**Instructions to follow**
Retype every line from the start of the entries below down to the line with "牛蛙是必点菜之一,味道不用说", both ends included; skip the pictures.

**Entries supplied**
★ ★ ★ ★
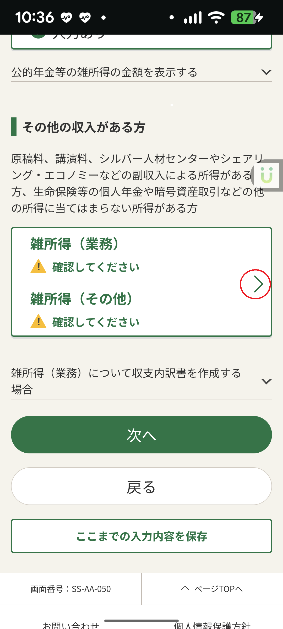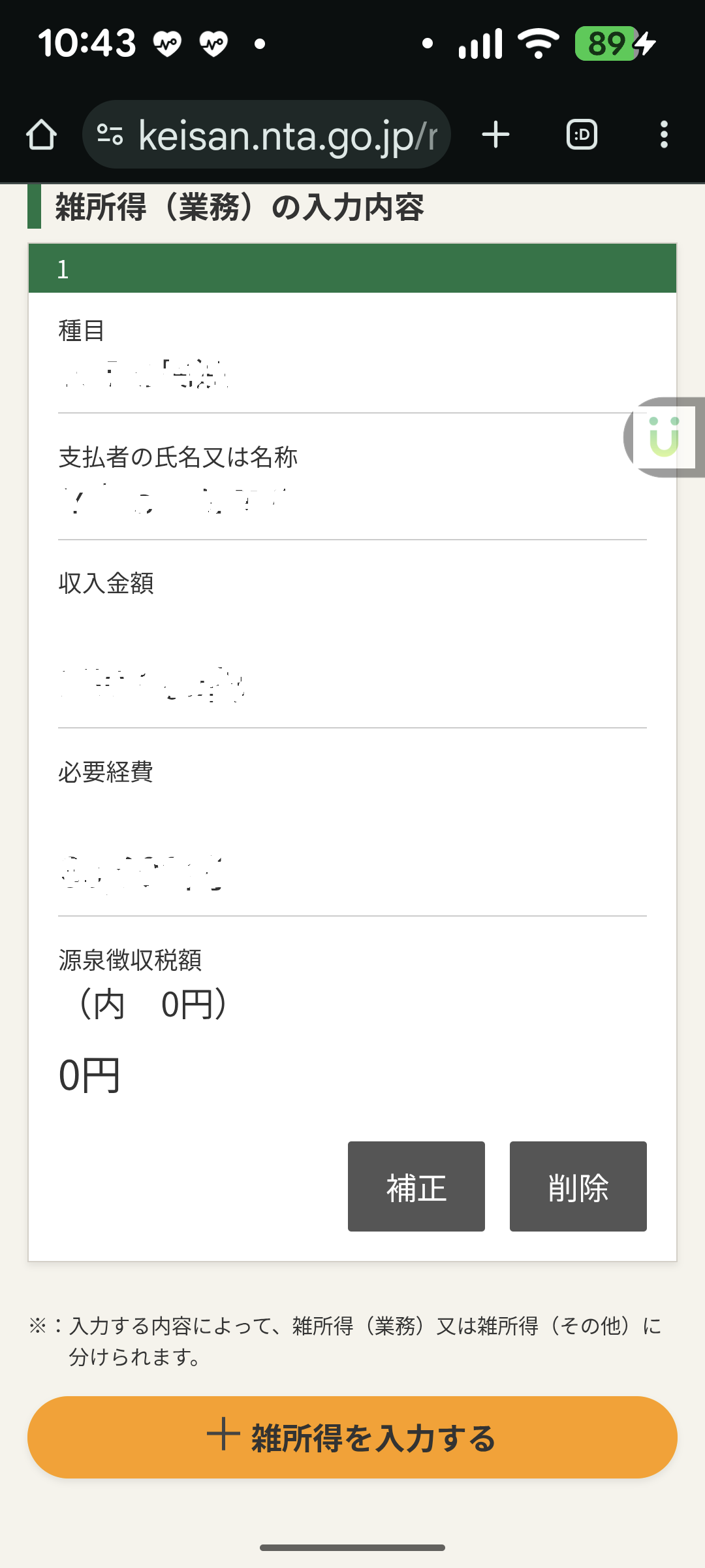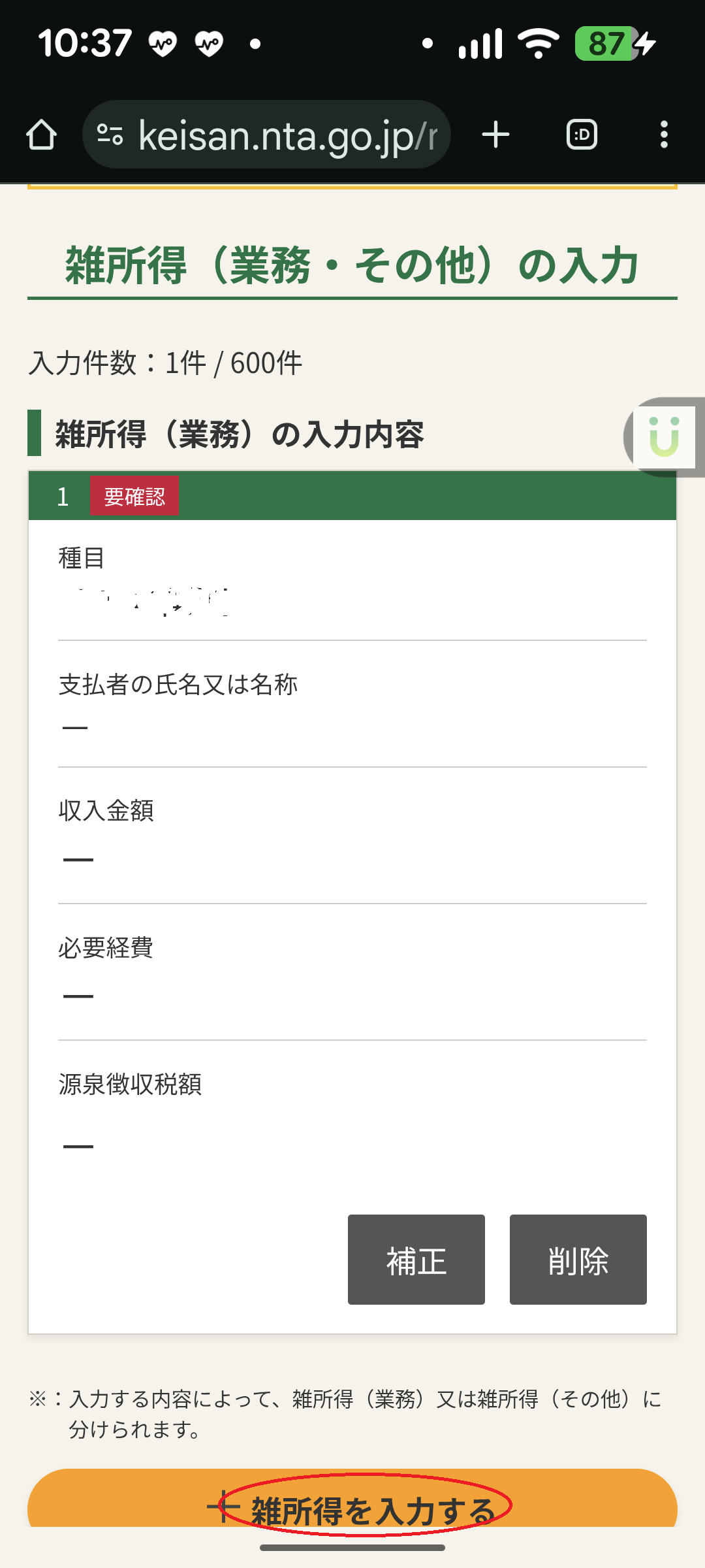 ○所得入力(雑所得)
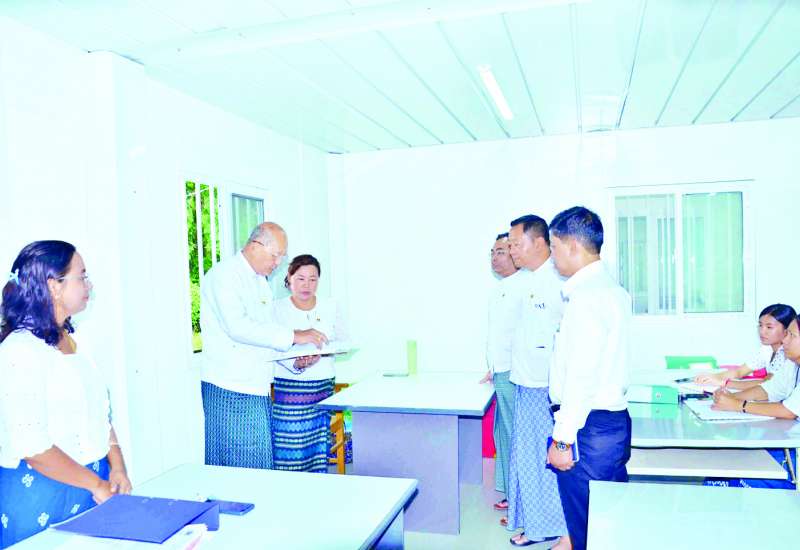 အားကစားနှင့် လူငယ်ရေးရာဝန်ကြီးဌာန ပြည်ထောင်စုဝန်ကြီး Jeng Phang နော်တောင်သည် ဒုတိယဝန်ကြီးများဖြစ်ကြသည့် ဦးထိန်လင်း၊ ဦးဇင်မင်းထက်၊ ဌာနဆိုင်ရာ တာဝန်ရှိသူများနှင့်အတူ ယနေ့နံနက်ပိုင်းတွင် Basha တည်ဆောက်ပြီးစီးမှုနှင့် Prefabricated Offices တွင် ဝန်ထမ်းများ ရုံးလုပ်ငန်းဆောင်ရွက်နေမှုကို လှည့်လည်ကြည့်ရှုစစ်ဆေးသည်။
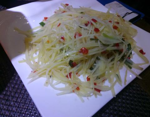 牛蛙是必点菜之一,味道不用说,今天点的剁椒土豆丝,白椒炒鸡胗,那个什么糟小汤圆味道都很赞
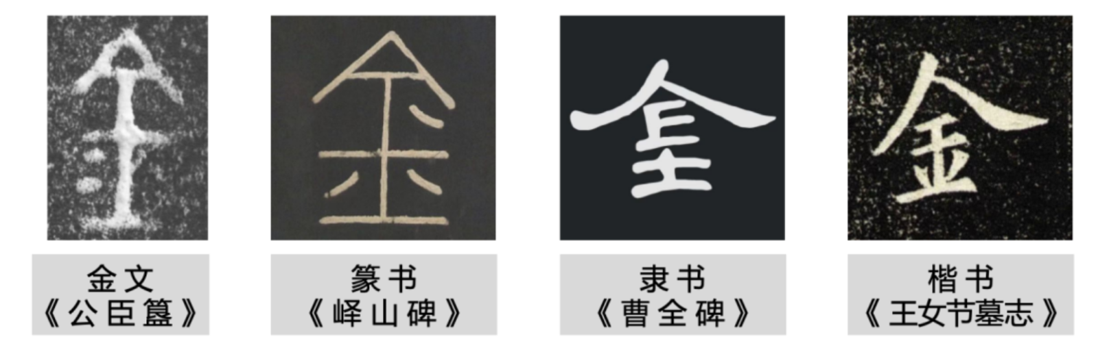 《说文·金部》:“金,五色金(金银铜铁铅)”。在金文中,字形左边两点像两块金属矿石,右边字形上半部为箭矢,下半部为斧钺。会可以用于制作箭头和斧头的金属之意。随着时间的推演,“金”慢慢从金属引申为“金属器物、钟鼎、货币、贵重、坚固”之意,并有了“金色”的色彩含义。
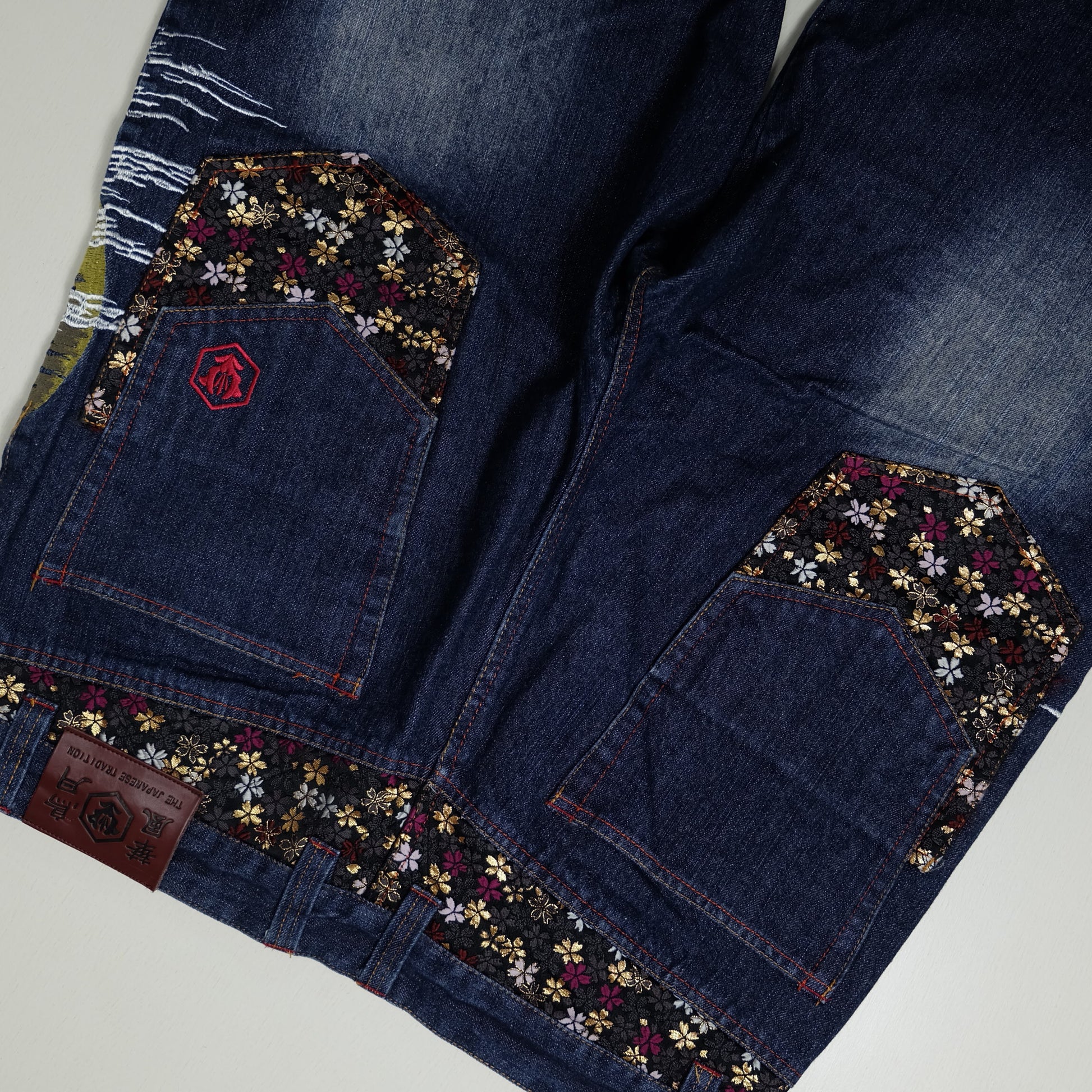 Kaccho Fugetsu “Japanese Tradition” Embroidered Geisha & Moon Wagara Denim Shorts – Size 36
★ ★ ★ ★
**Result of the task**
 ○所得入力(雑所得)
 အားကစားနှင့် လူငယ်ရေးရာဝန်ကြီးဌာန ပြည်ထောင်စုဝန်ကြီး Jeng Phang နော်တောင်သည် ဒုတိယဝန်ကြီးများဖြစ်ကြသည့် ဦးထိန်လင်း၊ ဦးဇင်မင်းထက်၊ ဌာနဆိုင်ရာ တာဝန်ရှိသူများနှင့်အတူ ယနေ့နံနက်ပိုင်းတွင် Basha တည်ဆောက်ပြီးစီးမှုနှင့် Prefabricated Offices တွင် ဝန်ထမ်းများ ရုံးလုပ်ငန်းဆောင်ရွက်နေမှုကို လှည့်လည်ကြည့်ရှုစစ်ဆေးသည်။
 牛蛙是必点菜之一,味道不用说,今天点的剁椒土豆丝,白椒炒鸡胗,那个什么糟小汤圆味道都很赞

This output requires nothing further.